Would you copy the listing below exactly, keeping the pictures out?

» **RAW DATA**
──────────────────────────────
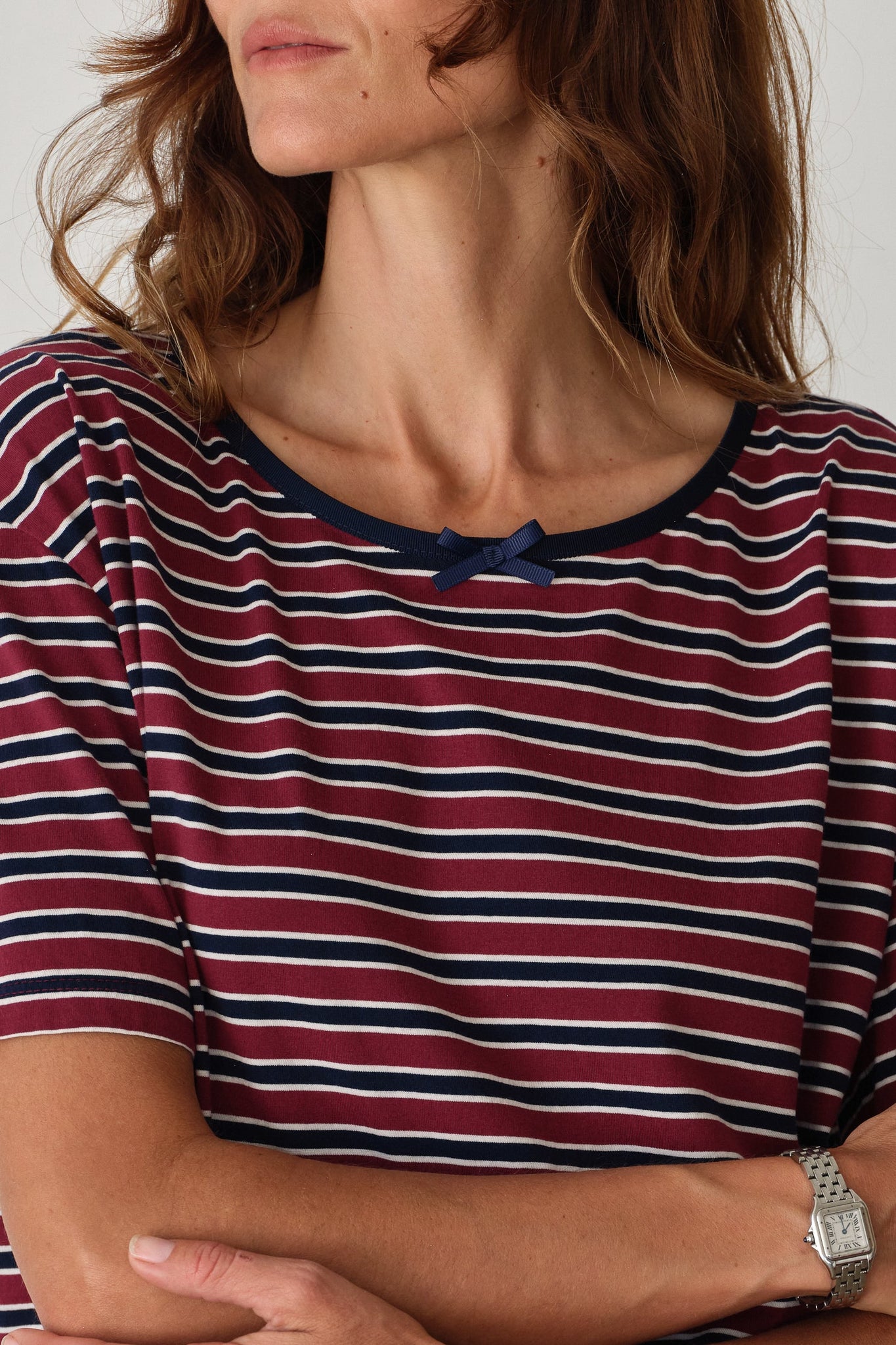 The Stripe Jersey Oversized Bow Tee - Oxblood
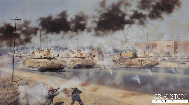 Cyclops Squadron of the 2nd Royal Tank Regiment raiding into Az Zubayr, Iraq, at midday on 26th March 2003.
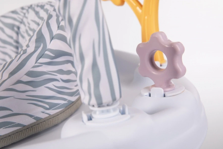 Het 360° draaibare activiteitenstation, geschikt vanaf een leeftijd van 6 maanden tot 11 kg, is voorzien van een comfortabel zitje met een gewatteerde rugleuning en kan op 3 hoogtes worden versteld. Naast dat de tafel licht en geluid bevat heeft het ook verschillende speelgoedjes, zoals bijvoorbeeld een spiegel, roterende bal met kralen, bijtring, een boog met hangend figuurtje en een plekje om een drinkfles neer te zetten.
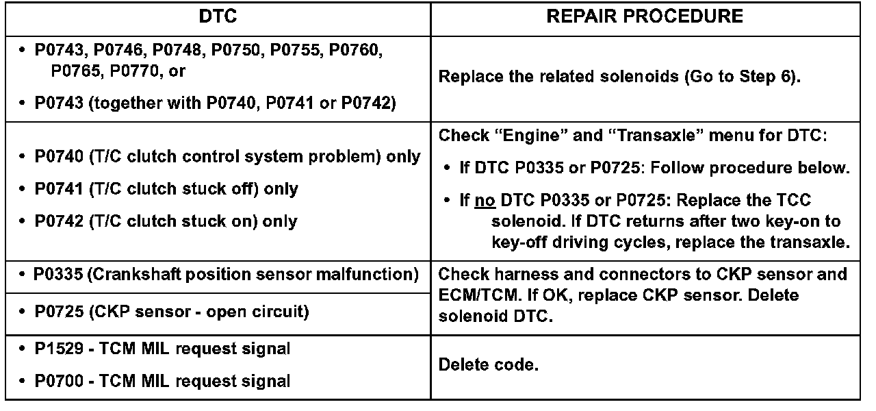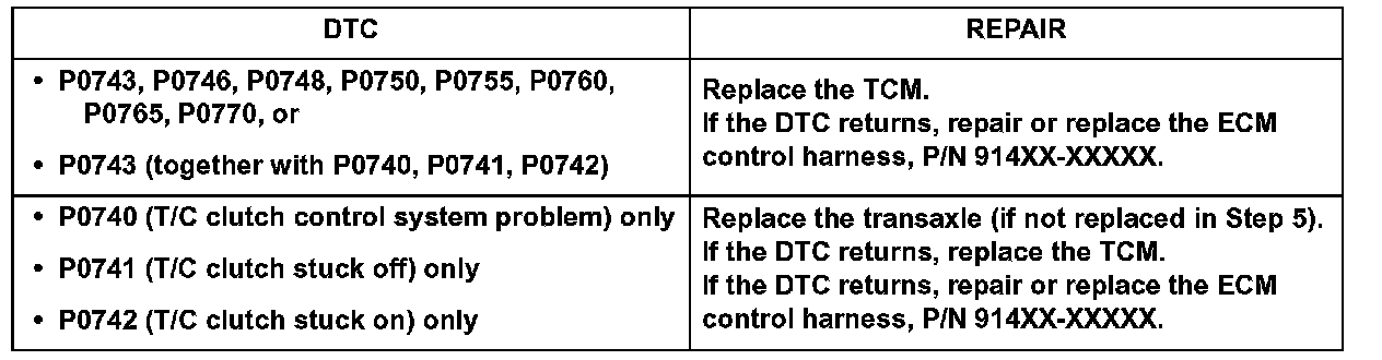 13. Clear the codes and test drive the vehicle for two driving cycles (two key-on to key-off driving cycles, including 1-2-3-4 upshifts and 4-3-2-1 downshifts). If the DTC returns, perform the repairs shown.
──────────────────────────────
» **SOLUTION**
 The Stripe Jersey Oversized Bow Tee - Oxblood
 Cyclops Squadron of the 2nd Royal Tank Regiment raiding into Az Zubayr, Iraq, at midday on 26th March 2003.
 Het 360° draaibare activiteitenstation, geschikt vanaf een leeftijd van 6 maanden tot 11 kg, is voorzien van een comfortabel zitje met een gewatteerde rugleuning en kan op 3 hoogtes worden versteld. Naast dat de tafel licht en geluid bevat heeft het ook verschillende speelgoedjes, zoals bijvoorbeeld een spiegel, roterende bal met kralen, bijtring, een boog met hangend figuurtje en een plekje om een drinkfles neer te zetten.
 13. Clear the codes and test drive the vehicle for two driving cycles (two key-on to key-off driving cycles, including 1-2-3-4 upshifts and 4-3-2-1 downshifts). If the DTC returns, perform the repairs shown.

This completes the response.